Screen candidates ethically, legally, and with a clear scorecard
Offensive security interviews can go off the rails fast. Keep every step job-related, consistent, and documented. Use the same scorecard for each candidate. Also, limit background checks to what is relevant and allowed in your location.
Never ask a candidate to attack your production systems. Don’t ask for code, payloads, or reports taken from a previous employer either. A good interview proves skill without crossing legal or ethical lines.

What does “good” look like in screening?
- Strong scoping habits: The candidate asks about authorization, rollback, and business impact before naming tools.
- Clear communication: They explain one past exercise from goal to report, including what failed.
- Safe testing judgment: They suggest a lab, replay, or simulation instead of risky live-fire shortcuts.
- Defender mindset: They can tie an attack path to detections, response, and fixes.
A simple scenario works well. Ask how they’d test a user-to-admin path across Microsoft 365 and Okta. Strong candidates ask about logging windows, approved actions, and evidence handling. Weak ones jump straight to exploits.
Finally, set success metrics before the offer.
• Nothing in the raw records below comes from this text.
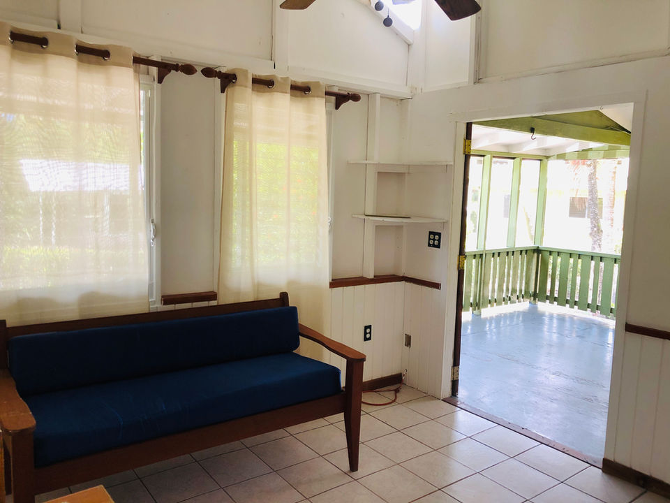 Aqua Rentals are three units that sit on a large property that sets back against the lagoon. It is considered in Placencia Village but it sits outside of the direct village. The property is located south of the airstrip and is about a 5-minute bike ride into the village. This particular apartment is a one bedroom stand alone cabana. The bedroom and living room doors open up to the front screened-in verandah giving plenty of light and airflow. This unit is equipped with AC. The verandah offers a nice space to read a book or get some work on the computer done. The monthly rent is $450US and includes water, sanitation, and wifi. There is a washer and dryer available for you to use as well. Only one small pet is accepted with a non-refundable $300 pet fee. GPS Coordinates: 16.5334685,-88.3622274
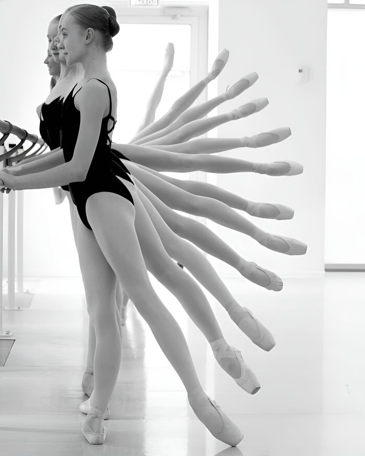 Чтобы получить этот кадр, двенадцать балерин попросили выстроиться в линию и поднять ногу на определенную высоту. Легче всего, очевидно, пришлось той, что стояла ближе всех к объективу.
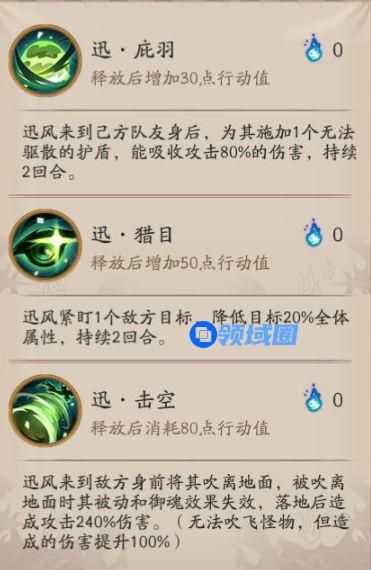 释放后消耗80点行动值迅风来到敌方身前将其吹离地面,被吹离地面时其被动和御魂效果失效,落地后造成攻击240%伤害。( 无法吹飞怪物,但造成的伤害提升100% )
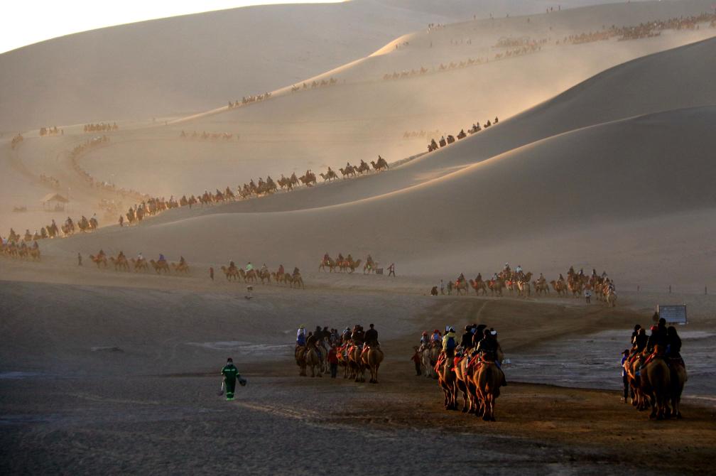 秋阳映照下,从甘肃敦煌鸣沙山月牙泉景区的高处望去,广袤起伏的鸣沙山上,满载游客的驼队绵延数里,阵阵驼铃不绝于耳。

Good examples include exercise cadence, coverage of top attack paths, detection improvements after purple sessions, remediation rates on validated findings, and time from kickoff to executive-ready report. Risk Crew’s red team metrics guide is a useful reference for shaping that scorecard.
Mid-market red team hiring works when the mission is narrow, the role is accurate, and the interview proves judgment, not just flash. Start with the outcome you need. Then match it to the right role and hiring model. The best first hire should improve detections, speed up fixes, and give leaders clearer decisions, not just produce dramatic demos.